First, the College Board and the people active in college-level statistics education are sampling different populations. The College Board is primarily interested in college courses for which a good AP score provides credit. These are often courses in the mathematics department taught by nonstatisticians. Such courses are usually the last to change. The college statisticians who are active in statistics education are looking at their own courses. These are the first courses to change. From the perspective of the statisticians teaching such innovative courses, both the AP course and the college courses taught by nonstatisticians are behind the times.

A second reason for differing views about the amount of change in the colleges stems from an increase in variability in what is happening in college courses. When AP Statistics began 20 years ago—the textbooks by David Moore were widely adopted in the courses the College Board surveys, the model for AP Statistics, and close to what the college statistics education community was teaching. Since then, the college statistics education community has diverged from both the AP course and the course typically found in mathematics departments.

This divergence of approach creates both problems and opportunities for AP Statistics.
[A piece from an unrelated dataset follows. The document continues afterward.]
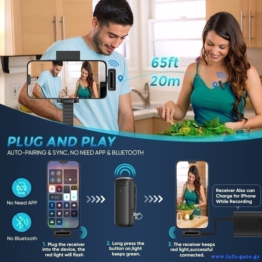 Συνδέεται με το smartphone ή tablet σας ασύρματα, μέσω του receiver και της θύρας Lightning. Η στερέωση του μικροφώνου γίνεται εύκολα στο ρούχο σας με κλιπ συγκράτησης.
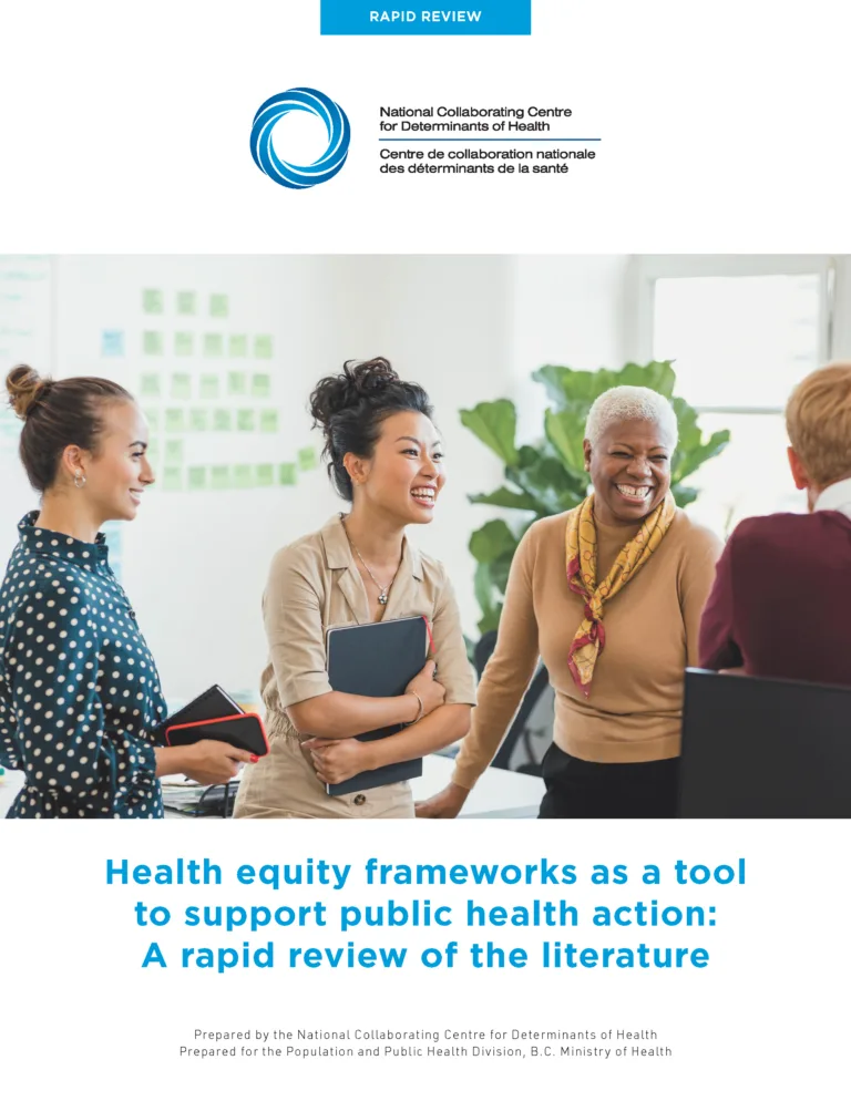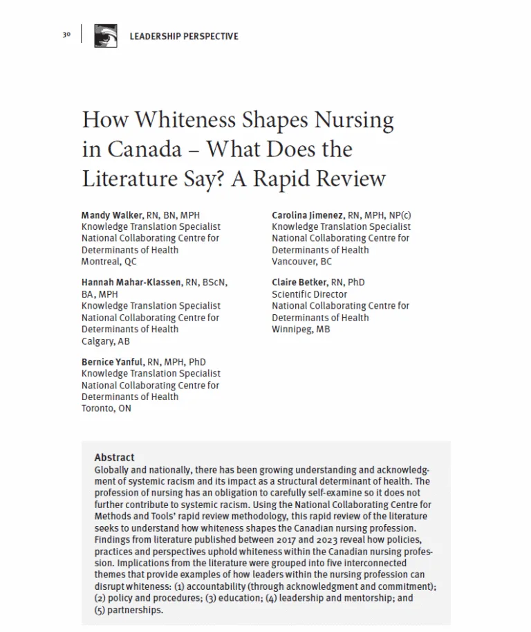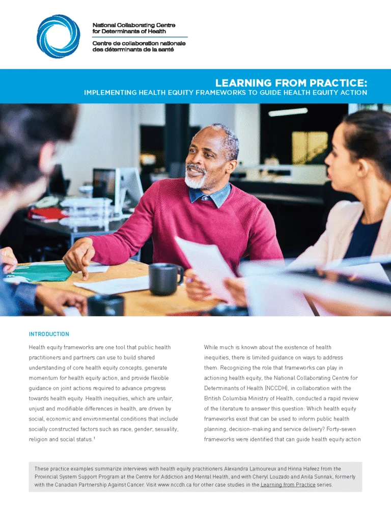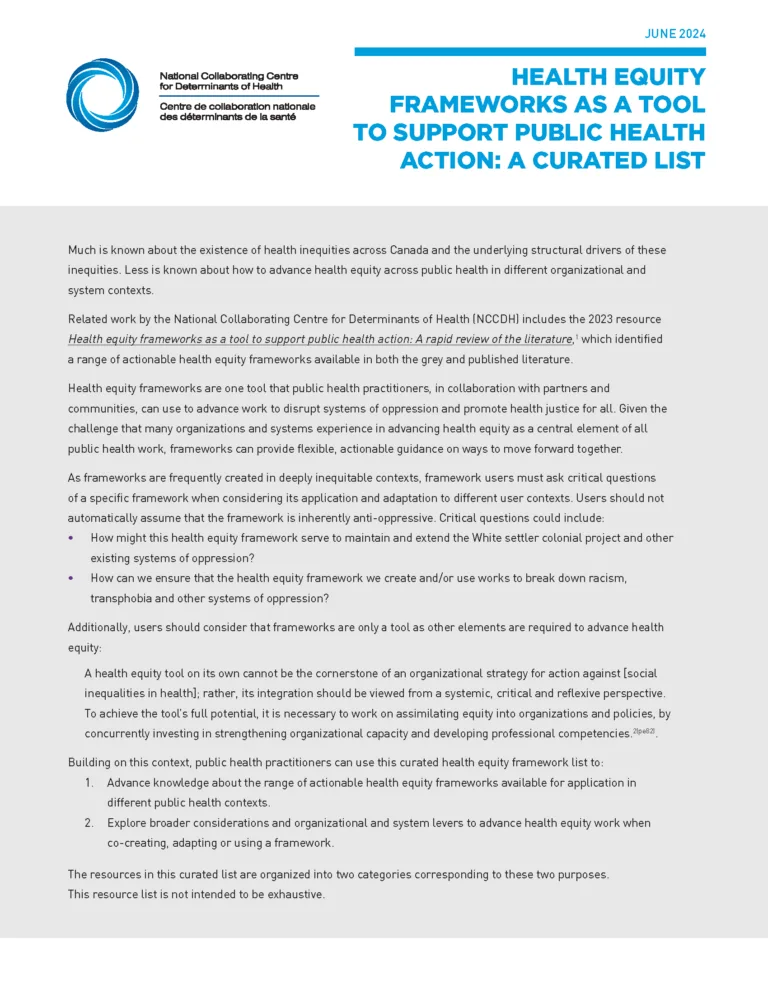 This resource explores the role of the social determinants of health public health nurse in Ontario since 2015. The findings of this study describe a compelling opportunity for public health units across Canada to enable public health nurses to meaningfully address the structural and social determinants of health and advance health equity.

The course does, indeed, have to stay close enough to the “typical” course for AP students to gain credit for that course. But in doing this, the AP program will suffer if it results in the course being considered seriously behind the times in the collegiate statistics education community.

The College Board will be considering revisions to the course in the next year or so. What I would like to see the College Board do then is to consider not only where the colleges are in teaching statistics, but where they are going. We could then seek ways in which the AP course could be improved without becoming so innovative that it no longer matches that “typical” college course. To do that, we have to look at the kinds of changes taking place in the courses offered by the leaders in college statistics education.

What’s New?

The current changes in college introductory courses reflect changes in the discipline of statistics. Two major such changes in statistics have recently been changing college introductory courses, although those changes are far from universal today.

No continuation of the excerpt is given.